*** Dataset records ***

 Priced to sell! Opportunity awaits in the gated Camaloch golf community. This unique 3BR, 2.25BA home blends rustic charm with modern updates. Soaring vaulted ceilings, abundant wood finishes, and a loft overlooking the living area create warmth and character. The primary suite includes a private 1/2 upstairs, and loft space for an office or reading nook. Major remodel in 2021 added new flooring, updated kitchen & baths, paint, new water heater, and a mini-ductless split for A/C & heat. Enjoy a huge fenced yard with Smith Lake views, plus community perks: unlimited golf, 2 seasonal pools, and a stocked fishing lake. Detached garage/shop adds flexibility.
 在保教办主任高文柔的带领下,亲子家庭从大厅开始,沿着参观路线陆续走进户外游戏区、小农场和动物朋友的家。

***
*** Dataset records ***

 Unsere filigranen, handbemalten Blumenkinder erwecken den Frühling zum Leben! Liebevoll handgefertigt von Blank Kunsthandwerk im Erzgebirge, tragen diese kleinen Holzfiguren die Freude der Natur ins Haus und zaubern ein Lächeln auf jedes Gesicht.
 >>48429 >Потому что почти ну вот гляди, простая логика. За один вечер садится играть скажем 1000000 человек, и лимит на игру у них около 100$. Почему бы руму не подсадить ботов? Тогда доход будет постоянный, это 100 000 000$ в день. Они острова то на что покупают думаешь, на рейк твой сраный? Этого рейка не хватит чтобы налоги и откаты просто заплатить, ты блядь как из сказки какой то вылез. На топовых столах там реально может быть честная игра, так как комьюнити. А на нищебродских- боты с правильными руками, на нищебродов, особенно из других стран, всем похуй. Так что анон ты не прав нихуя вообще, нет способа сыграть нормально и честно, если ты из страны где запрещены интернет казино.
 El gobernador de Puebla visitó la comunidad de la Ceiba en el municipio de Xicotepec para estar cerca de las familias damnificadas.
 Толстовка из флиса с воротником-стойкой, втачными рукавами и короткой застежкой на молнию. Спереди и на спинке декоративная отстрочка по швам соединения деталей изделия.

***

> [Task instructions]: Start with the line above that contains "запрещены интернет казино." and end with the line that contains "Толстовка из флиса". Write out those lines exactly, and only those.

> [Reply to the exercise]:
 >>48429 >Потому что почти ну вот гляди, простая логика. За один вечер садится играть скажем 1000000 человек, и лимит на игру у них около 100$. Почему бы руму не подсадить ботов? Тогда доход будет постоянный, это 100 000 000$ в день. Они острова то на что покупают думаешь, на рейк твой сраный? Этого рейка не хватит чтобы налоги и откаты просто заплатить, ты блядь как из сказки какой то вылез. На топовых столах там реально может быть честная игра, так как комьюнити. А на нищебродских- боты с правильными руками, на нищебродов, особенно из других стран, всем похуй. Так что анон ты не прав нихуя вообще, нет способа сыграть нормально и честно, если ты из страны где запрещены интернет казино.
 El gobernador de Puebla visitó la comunidad de la Ceiba en el municipio de Xicotepec para estar cerca de las familias damnificadas.
 Толстовка из флиса с воротником-стойкой, втачными рукавами и короткой застежкой на молнию. Спереди и на спинке декоративная отстрочка по швам соединения деталей изделия.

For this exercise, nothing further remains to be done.